A VOLTA DO PODER MODERADOR

poder moderadorEm 25 de março de 1824, quando D. Pedro I enfiava pela goela do povo brasileiro uma Constituição que ninguém pediu, nem mesmo grande parte daqueles que os apoiava, chamou a atenção a inclusão de um quarto poder político, o famigerado “Poder Moderador”, além dos três clássicos poderes conhecidos. O Poder Moderador nada mais era do que uma ferramenta para dar ao Imperador o controle absoluto dos demais poderes e, assim, controlar a vida política do país. Concentrador de poderes, autoritário e absolutista, D. Pedro I não aceitava o liberalismo que já era moda na Europa, mas que, no Brasil, o colocaria em colisão com setores da elite que queriam uma maior participação no poder. Com o Poder Moderador, D. Pedro I podia nomear juízes e reformar suas decisões, conceder anistia, nomear senadores, dissolver o Parlamento, nomear Ministros… Enfim, ele tudo podia, em uma Carta Magna que até tinha alguns princípios liberais.  E, para completar, a Constituição “dele, por ele e para ele”, ainda dizia que Ele (com maiúscula mesmo!) era uma figura sagrada e não estava sujeito a responsabilidade alguma. A Constituição era clara: esse poder era exclusivo do Imperador.
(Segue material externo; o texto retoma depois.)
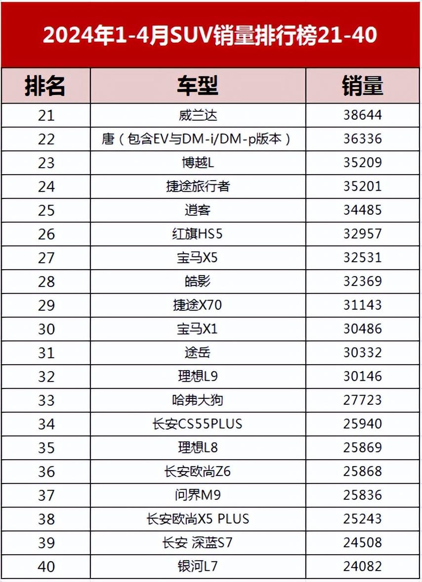 1-4月SUV銷量榜確認,比亞迪降價也賣不過特斯拉,日系排不進前6

Nem os regentes, quando assumiram, tinham essa prerrogativa.

Teoricamente, o Poder Moderador foi extinto com a Proclamação da República. Mas há muito que ele ronda os princípios republicanos, especialmente nos turbulentos dias que nosso país vive. O Presidente-golpista Michel Temer, ao exercer atribuições privativas presentes na Constituição, nada mais faz do que controlar os três poderes. Com isso, ele tudo pode: ele nomeou juízes para livrá-lo da cassação; ele nomeou Alexandre de Moraes para defendê-lo; ele nomeará um Procurador para não investigá-lo, ao contrário do atual; ele distribui cargos e verbas para ter o Congresso na mão; ele distribui Ministérios para acobertar seus cúmplices com foro privilegiado; ele, veladamente, ameaça juízes. Percebe-se que ele, além de ser o Executivo, tem o Legislativo e o Judiciário nas mãos. Claro que outros Presidentes também tinham essa mesma prerrogativa, pois estavam sob a mesma Constituição. Mas quando vemos que a Magna Carta está a serviço da obstrução da Justiça e da compra de apoio político, isso já não é mais republicano. O escudo protetor de Temer não é só um foro especial, comum a qualquer governante em qualquer país. O atual “Poder Moderador” vai além; compra-se a mídia com subvenções, perdoam-se dívidas milionárias de bancos, distribui-se cargos, vantagens, benesses… Tudo com regabofes, jantares e patuscadas nababescas. Tudo isso faz do Presidente golpista um “Mordomo com membrana de aço”, no uso impune de um Poder Moderador que, claramente, mostra que ele “tudo pode”. Ele não tem apoiadores. Tem cúmplices. O país não tem justiça. Tem juízes dele. O povo não tem Congresso. Tem deputados e senadores dele, igualmente cúmplices. O atual Poder Moderador deixou os demais poderes carcomidos e putrefados. Restou apenas o poder do povo, verdadeiro, legítimo, o único poder capaz de restaurar os princípios republicanos em uma agonizante república de “um Rei prestes a ser deposto”. A conferir…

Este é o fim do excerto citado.